SUPPLIED INFORMATION:
§

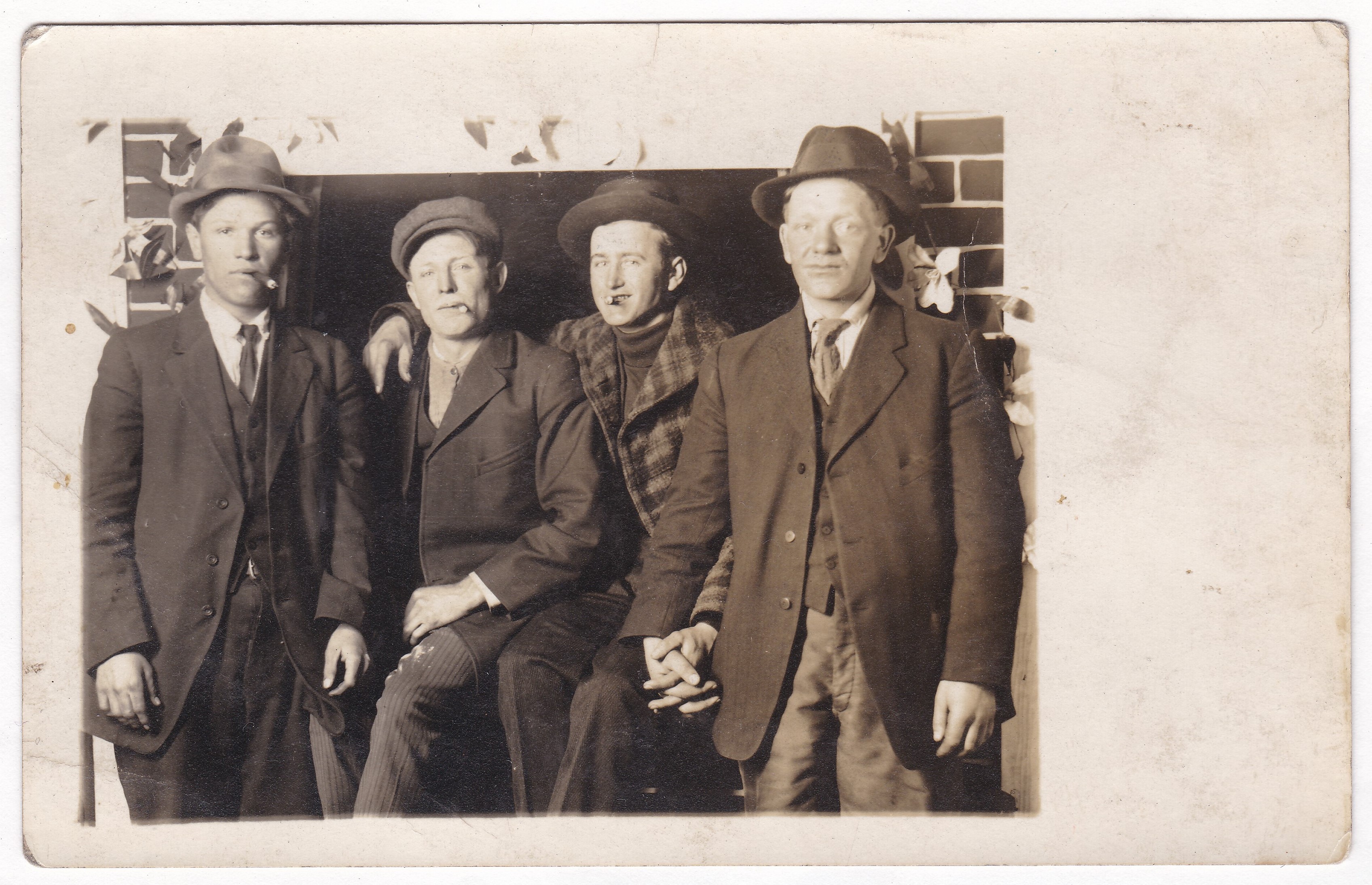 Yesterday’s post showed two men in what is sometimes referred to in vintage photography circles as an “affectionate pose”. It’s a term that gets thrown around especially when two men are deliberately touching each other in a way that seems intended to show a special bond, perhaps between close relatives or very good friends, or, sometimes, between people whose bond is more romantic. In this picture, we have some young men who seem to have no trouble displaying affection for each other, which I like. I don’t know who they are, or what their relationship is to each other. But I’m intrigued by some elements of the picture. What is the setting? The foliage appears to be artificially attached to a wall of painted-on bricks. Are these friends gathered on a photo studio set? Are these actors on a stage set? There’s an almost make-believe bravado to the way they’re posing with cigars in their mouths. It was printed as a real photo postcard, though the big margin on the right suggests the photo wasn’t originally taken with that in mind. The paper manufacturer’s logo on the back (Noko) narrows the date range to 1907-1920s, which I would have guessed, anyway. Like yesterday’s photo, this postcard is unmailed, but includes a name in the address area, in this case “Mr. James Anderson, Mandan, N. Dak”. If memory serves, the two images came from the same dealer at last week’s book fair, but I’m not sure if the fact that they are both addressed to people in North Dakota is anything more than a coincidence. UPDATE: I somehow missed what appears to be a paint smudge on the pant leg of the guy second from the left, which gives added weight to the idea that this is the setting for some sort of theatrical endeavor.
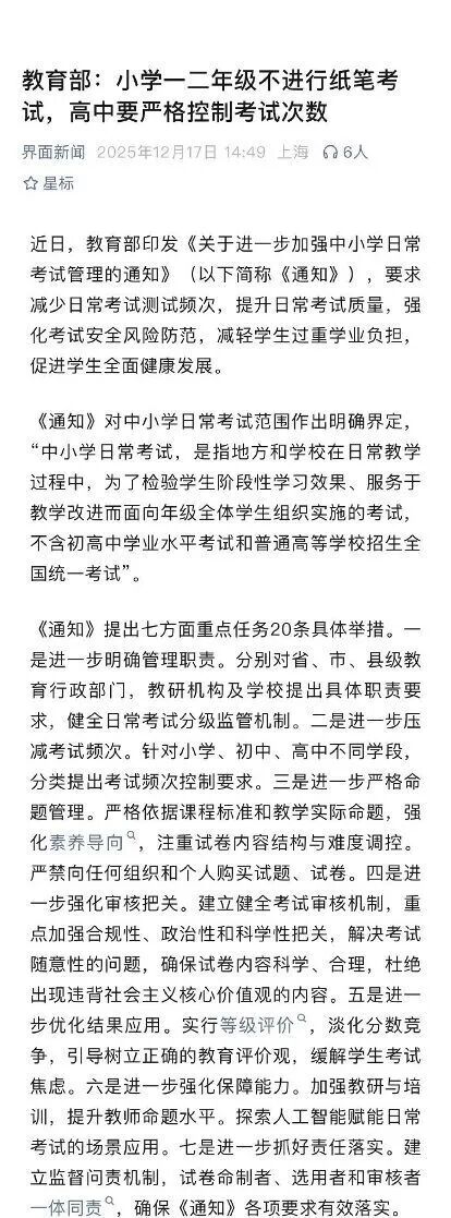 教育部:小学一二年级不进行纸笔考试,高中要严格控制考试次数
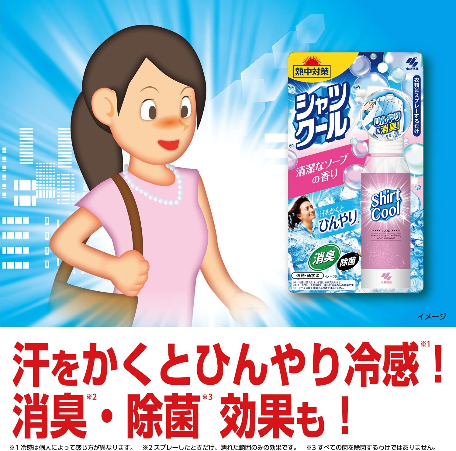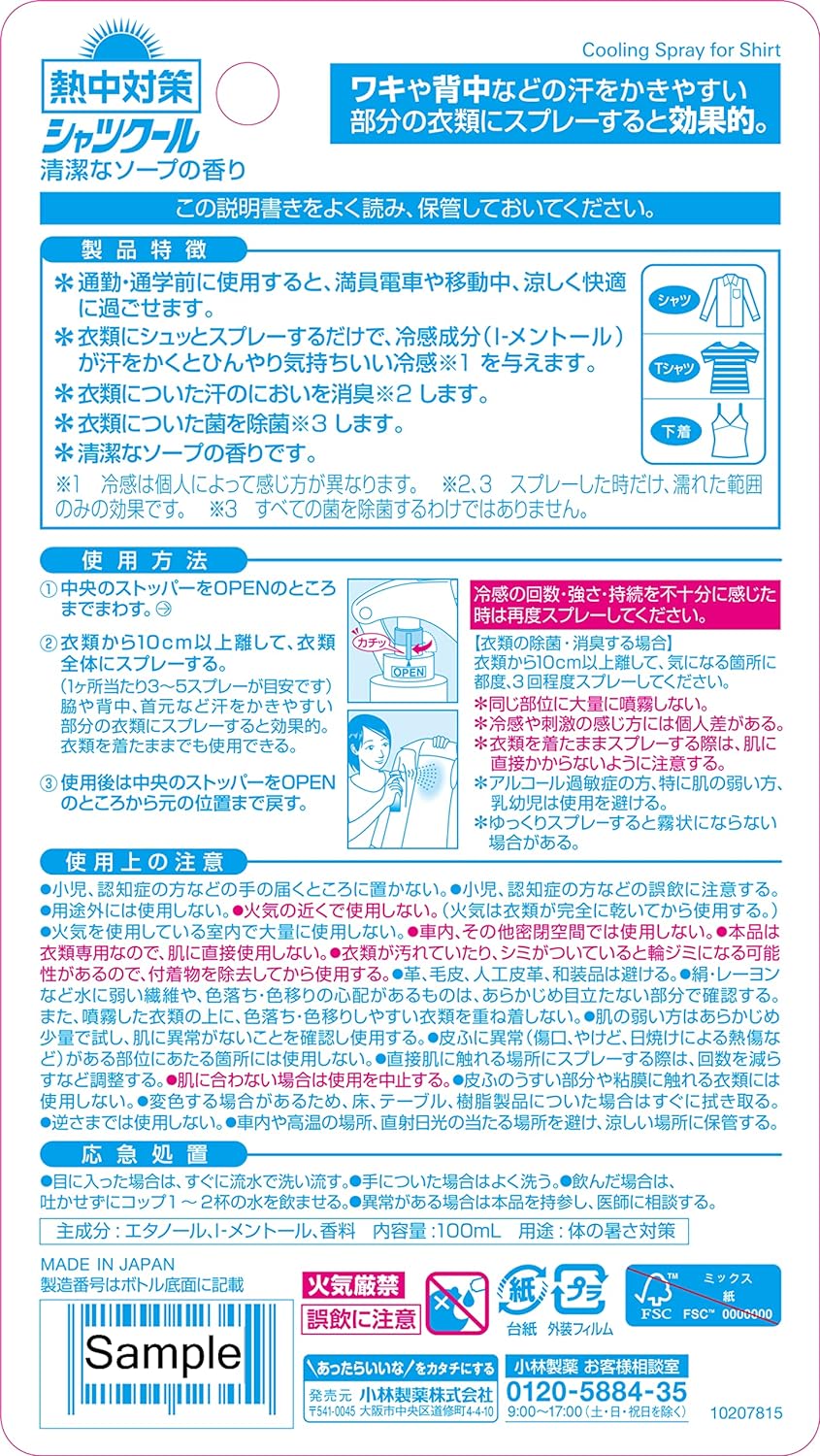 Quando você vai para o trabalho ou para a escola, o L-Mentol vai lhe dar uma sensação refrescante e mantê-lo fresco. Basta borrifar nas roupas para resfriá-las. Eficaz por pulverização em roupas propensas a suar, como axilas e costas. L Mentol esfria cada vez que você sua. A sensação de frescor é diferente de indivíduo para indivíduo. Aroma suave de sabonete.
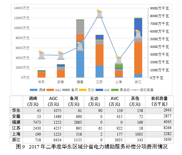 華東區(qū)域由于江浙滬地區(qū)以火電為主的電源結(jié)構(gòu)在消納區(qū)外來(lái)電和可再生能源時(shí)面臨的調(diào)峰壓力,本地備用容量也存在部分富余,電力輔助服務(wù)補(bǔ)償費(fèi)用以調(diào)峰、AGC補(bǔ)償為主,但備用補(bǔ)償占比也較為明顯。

§

What the answer needs is every line from the one with "教育部:小学一二年级不进行纸笔考试,高中要严格控制考试次数" through the last line of the data, reproduced word for word and with pictures omitted.

EXPECTED OUTPUT:
 教育部:小学一二年级不进行纸笔考试,高中要严格控制考试次数
 Quando você vai para o trabalho ou para a escola, o L-Mentol vai lhe dar uma sensação refrescante e mantê-lo fresco. Basta borrifar nas roupas para resfriá-las. Eficaz por pulverização em roupas propensas a suar, como axilas e costas. L Mentol esfria cada vez que você sua. A sensação de frescor é diferente de indivíduo para indivíduo. Aroma suave de sabonete.
 華東區(qū)域由于江浙滬地區(qū)以火電為主的電源結(jié)構(gòu)在消納區(qū)外來(lái)電和可再生能源時(shí)面臨的調(diào)峰壓力,本地備用容量也存在部分富余,電力輔助服務(wù)補(bǔ)償費(fèi)用以調(diào)峰、AGC補(bǔ)償為主,但備用補(bǔ)償占比也較為明顯。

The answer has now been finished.